At the news conference yesterday, Qanbar criticized the international community for failing to send forensic teams and provide security around the mass graves of victims of the Hussein regime, and said 14 additional grave sites have been uncovered in the past week.
''They have been found all over Iraq,'' he said. ''Unfortunately, many more are to come. This is a crime scene. A crime scene has to be protected and controlled.'' Discovery of the graves, he said, ''constitutes complete vindication of President Bush and Prime Minister Blair's decision to liberate Iraqis from Saddam.''
Bremer said last week at his first news conference that the United States offered to provide security at some of the grave sites but that local organizations declined and placed armed Iraqis around the sites.
He and other US officials have made clear that they have no intention of stopping grieving Iraqis searching for the remains of relatives from reaching the burial pits.
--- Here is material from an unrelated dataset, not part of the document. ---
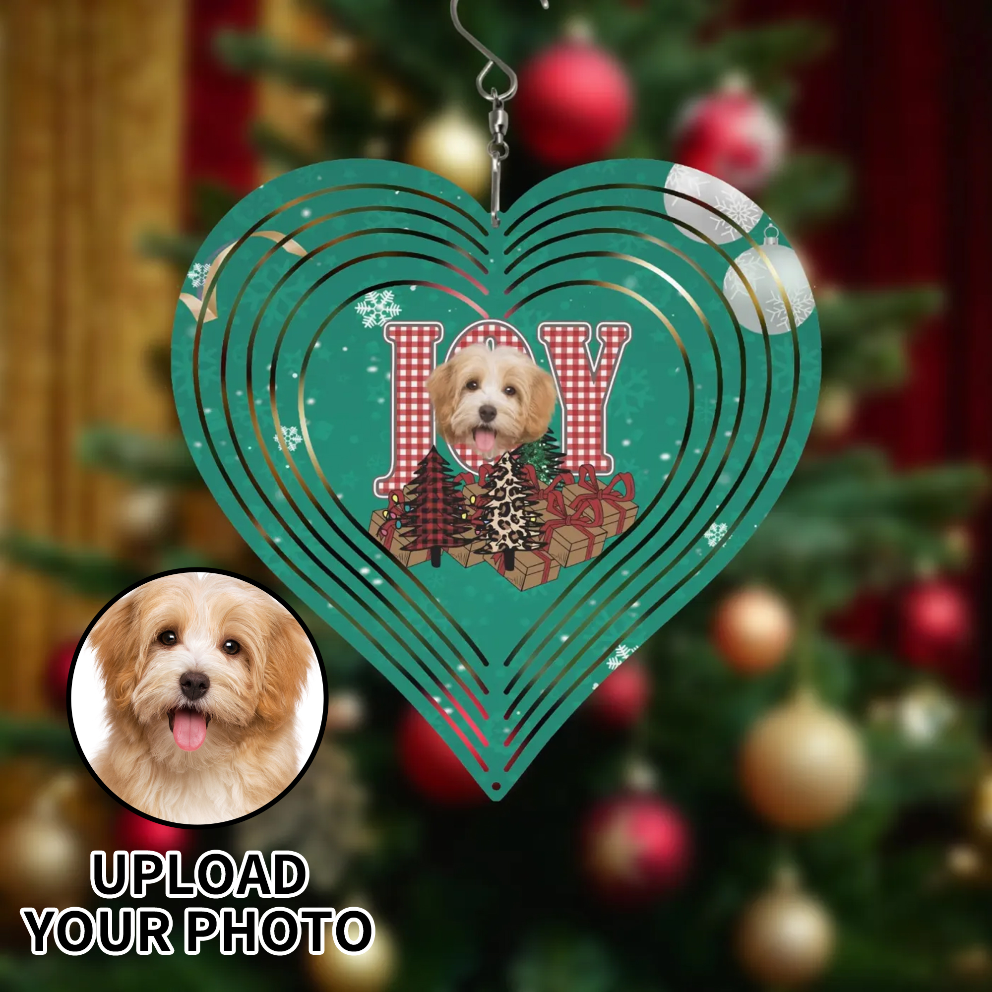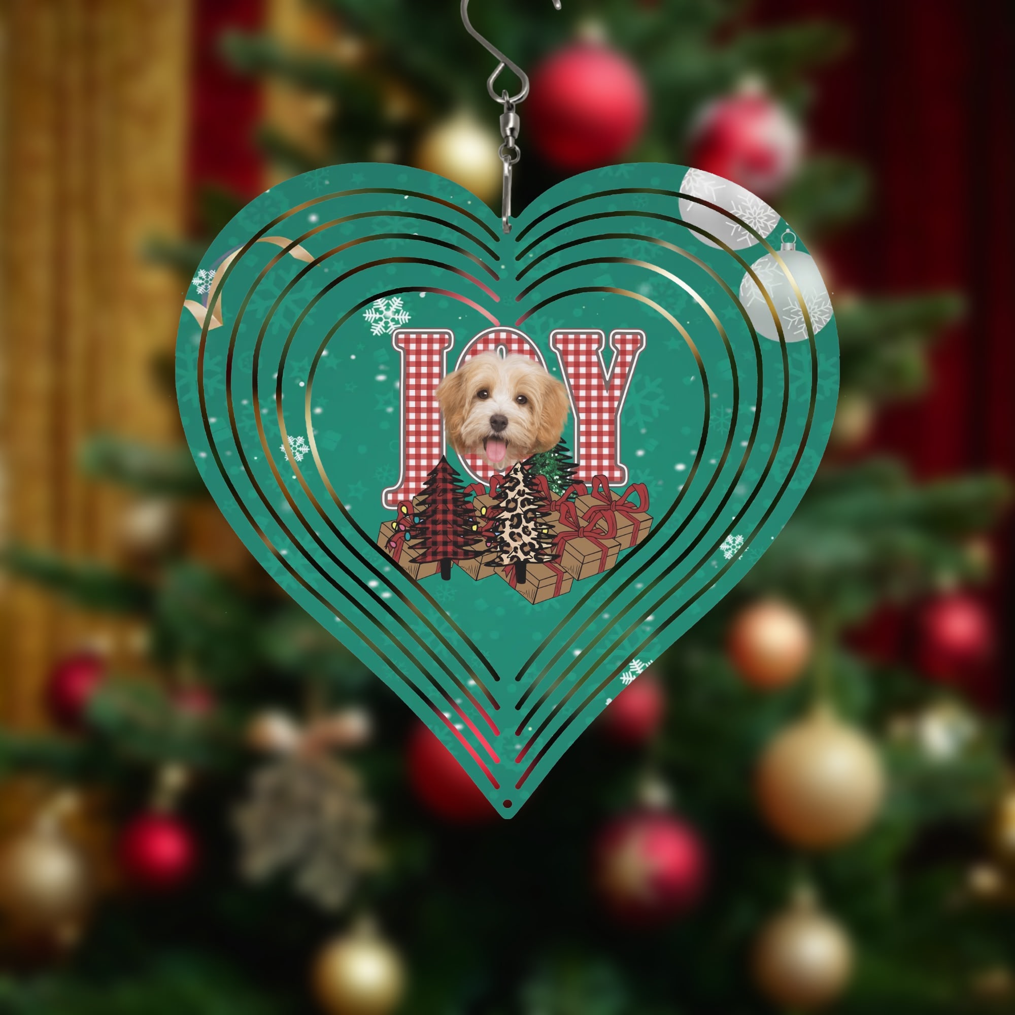 2 Sizes of Heart Hanging Wind Spinner Christmas Tree Design Hanger for Yard Porch Front Door ! High quality image print with superior protection. making it ideal for use as an outdoor metal office art home decor party show.

Bremer said a Pentagon team with expertise in preserving mass graves for possible prosecution of crimes against humanity was due in the country late last week, but whether the team arrived could not be determined yesterday.
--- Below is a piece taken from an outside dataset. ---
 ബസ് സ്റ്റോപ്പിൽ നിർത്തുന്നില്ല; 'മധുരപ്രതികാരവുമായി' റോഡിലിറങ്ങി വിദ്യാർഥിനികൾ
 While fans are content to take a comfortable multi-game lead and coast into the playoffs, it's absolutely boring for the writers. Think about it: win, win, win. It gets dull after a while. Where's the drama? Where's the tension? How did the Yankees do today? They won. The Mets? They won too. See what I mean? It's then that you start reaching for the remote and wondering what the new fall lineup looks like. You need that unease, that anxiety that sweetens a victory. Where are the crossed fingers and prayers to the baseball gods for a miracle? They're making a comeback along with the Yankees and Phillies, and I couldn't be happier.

Public security in and around Baghdad continues to be shaky, with daily reports in the Iraqi press about murders, rapes, and carjackings. But there also are signs that the heightened US military presence on the streets is having an effect.
Troops are confiscating and carting away tons of weapons and ammunition held by Iraqi civilians and former soldiers.
And when a cache of unexploded ordnance from the war detonated yesterday in western Baghdad, US troops and Iraqi firefighters quickly controlled the resulting blaze.